A recent article by Scott Burns in the Boston Globe has re-ignited this discussion among a bunch of my pension geek friends. The article was titled “Defined-benefit pension is a huge contributor to financial security in retirement”, and discussed a recent study by Ernst & Young LLP about financial security in retirement. One of the highlights of the article is the conclusion that households with retirement funds coming from a defined benefit plan are less likely to outlive their savings than households without retirement funds coming from a defined benefit plan.
While nothing about that conclusion is groundbreaking news to pension geeks, it does bring about some interesting discussions. Retirees with retirement funds coming from defined benefit plans are better off financially. The baby boomer generation is hitting retirement age. Defined benefit plan sponsorship is rapidly declining, in part because of number of law changes made by Congress and regulatory changes made by the IRS, Dept. of Labor and PBGC in the last 15 years which have increased the cost of creating and maintaining a defined benefit plan.

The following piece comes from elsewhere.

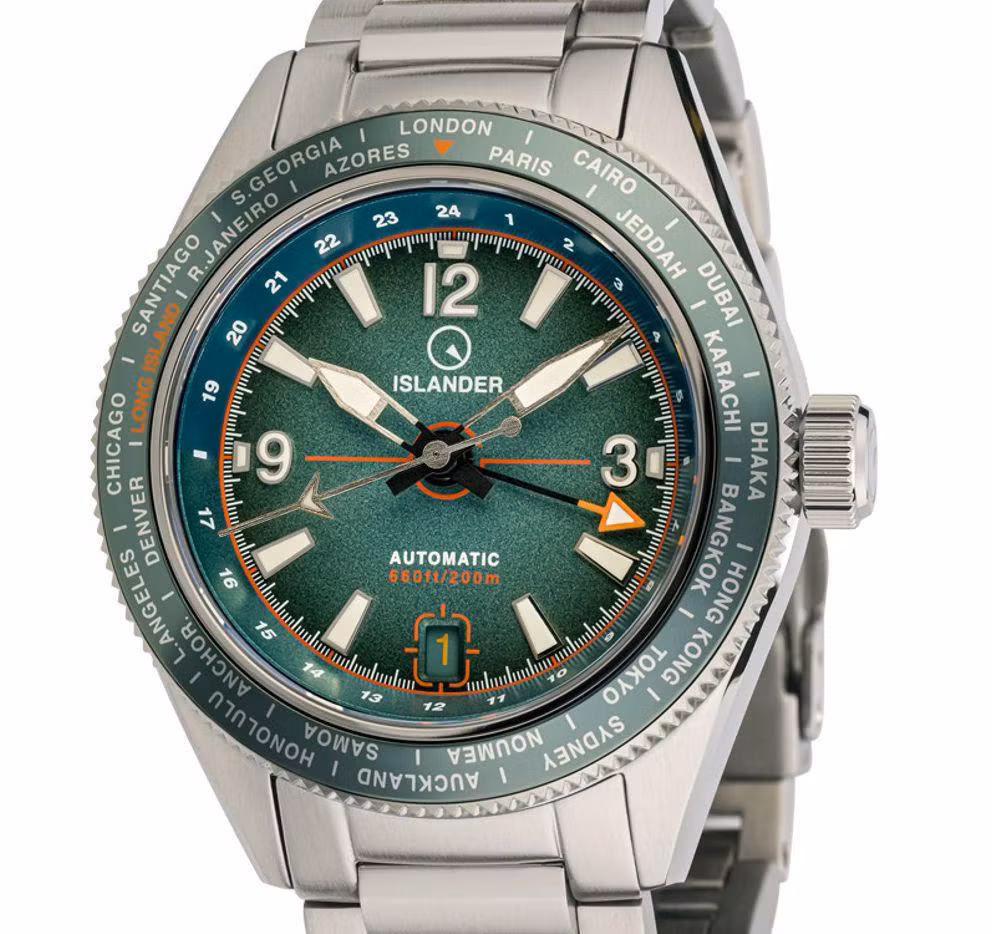 UTC – 1 features Azores and Iceland, but the Hamilton Count-Down Chrono-Matic features the Canaries and Jack Mason’s Pursuit includes PDL, the Ponta Delgada airport on the island of São Miguel, in the Portuguese archipelago of the Azores.

One of the suggestions in the article was for workers to convert some of their retirement savings into a lifetime annuity. I think this misses the point. In 2008, the maximum annual benefit for defined benefit plans was $185,000 while the maximum annual contribution for defined contribution plans was $46,000. Of that $46,000 maximum annual contribution limit for defined contribution plans, the maximum elective deferral limit for 2008 is $15,500.
For an individual whose employer does not sponsor a qualified plan, maybe the question should be how can Congress, the IRS, the DOL and the PBGC work together to create an attractive defined benefit plan, not whether an individual should be permitted to create and maintain a defined contribution plan. Reduced regulation for defined benefit plans with one participant might be a good place to start.
[tag]pension protection act, ppa, defined benefit, Scott Burns, Boston Globe, ERISA[/tag]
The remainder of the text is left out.